-- PROBLEM --
What you return must match the listing below exactly, minus any pictures.

-- DATASET SECTION --
****************
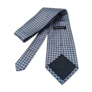 Nautica Silk Tie Men’s 59.5” Blue Yellow Geometric Square 90s Coastal Wide New
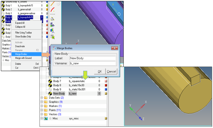 Merge Bodiesが選択されると、Merge Bodiesダイアログが表示されます。このダイアログでは、マージされたボディの新しいLabelとVarnameを入力できます。OKをクリックしてダイアログを閉じると、以下の処理が行われます:
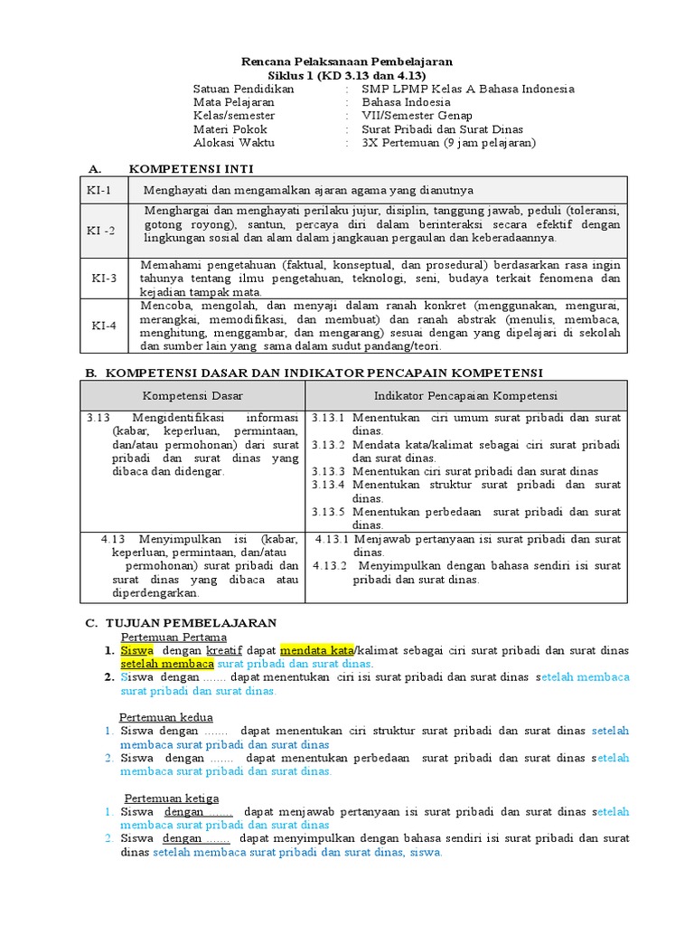 | Lihat Rpp Kd 3 13 Dan 4 13 Surat Pribadi Surat Dinas |
****************
-- YOUR RESPONSE --
 Nautica Silk Tie Men’s 59.5” Blue Yellow Geometric Square 90s Coastal Wide New
 Merge Bodiesが選択されると、Merge Bodiesダイアログが表示されます。このダイアログでは、マージされたボディの新しいLabelとVarnameを入力できます。OKをクリックしてダイアログを閉じると、以下の処理が行われます:
 | Lihat Rpp Kd 3 13 Dan 4 13 Surat Pribadi Surat Dinas |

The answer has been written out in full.